All about The Leader

5 08 2014

Atiya Achakulwisut at the Bangkok Post observes that “wondering whether the coup leader Gen Prayuth Chan-ocha will take on another role as prime minister” hardly seems worth the effort. As she says, because he has almost total power, the decision is his.

She correctly states that the “real issue is not about who will become the next prime minister…. It is not about whether or not the National Legislative Assembly (NLA) is too militarised, or who will get to sit in the reform council. It’s not even about what kind of legislation or reform plans these coup-installed bodies will come up with.”

She’s right. None of this is a real issue. The Leader can decide all. “The real issue,” she says, “is what kind of ‘democracy’ Gen Prayuth” wants.

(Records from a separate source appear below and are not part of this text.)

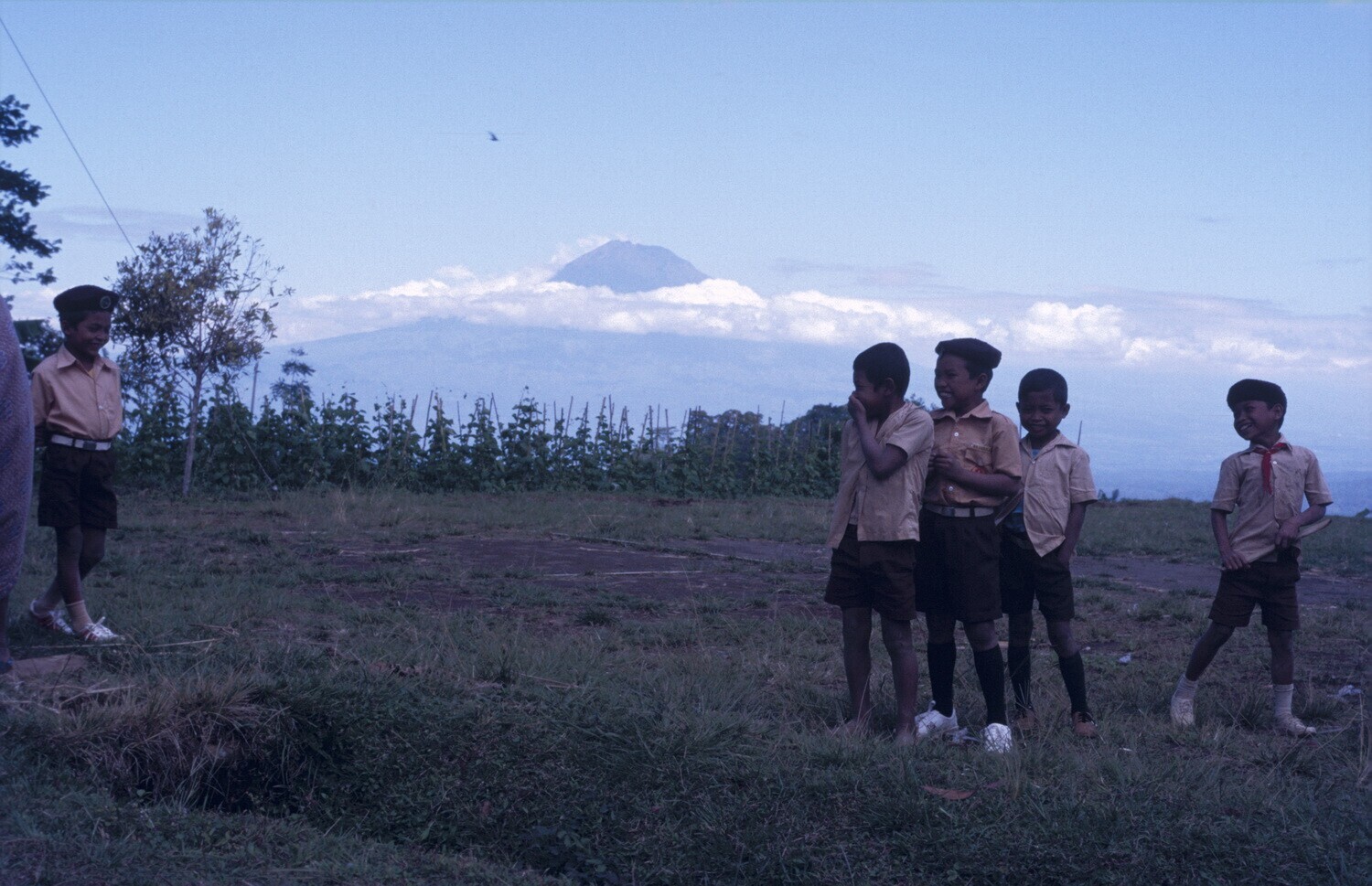 Midden Java. Schoolkinderen met op de achtergrond de...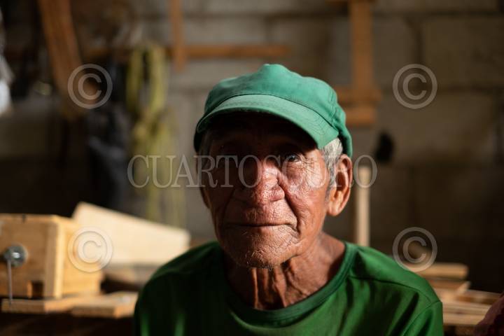Un hombre mayor posa para un retrato, el es uno de los desplazados que dejaron su casa hace tres días, después de que a partir del once de mayo los ataques incrementaran en la comunidad de Chivit.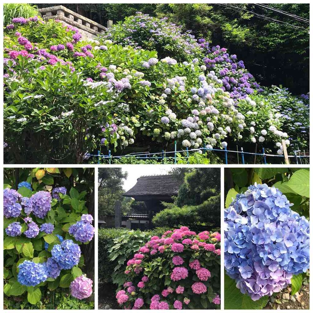 近くの極楽寺の山門前も、ピンクやブルーで素敵です💗💜💙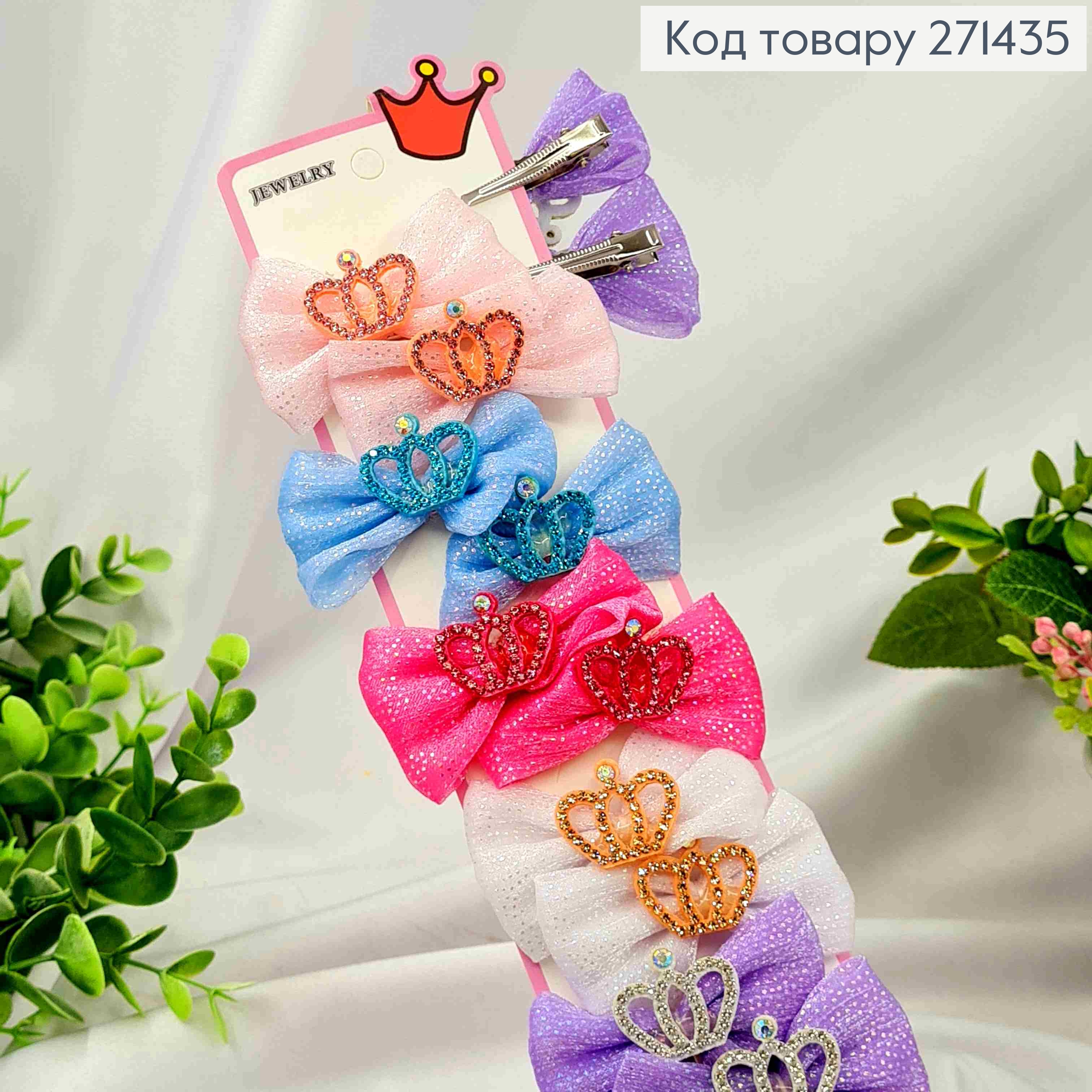 Набір заколок Стріла(20шт/10пар) БАНТИК + КОРОНА в камінцях, Яскраві кольори, заколка 4см, бант6*4см
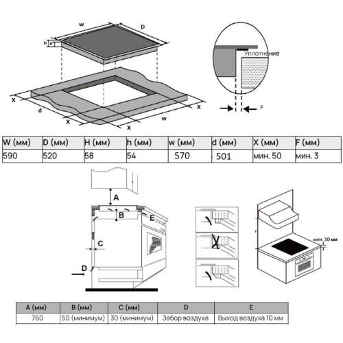 Ширина для встраивания (см) 56

Will his democracy “be considered democracy at all.”

Her view is that we are able to look at the interim 2014 constitution and get a rough idea of what The Leader wants: “it appears the junta will use the highest law as a supporting structure for a model of ‘managed democracy’ that will suit what it perceives as a Thai cultural and political context.” She also calls it a “controlled democracy.”

This means that the junta “will restrict the ability of politicians to devise public policies and implement them as they have in the past.” Atiya adds that the military junta “is envisioning buffing up the bureaucratic system so it will serve as the driver of the country’s development agenda instead of the government.”

For anyone familiar with Thailand’s history, this is the model of “Premocracy.” Look back at General Prem Tinsulanonda’s time as unelected premier from 1980 to 1988. Elections were held, but mattered little. Politicians were treated with bureaucratic disdain and unelected Prem associates made all the important decisions (with palace support). Whatever it is called, it isn’t democracy.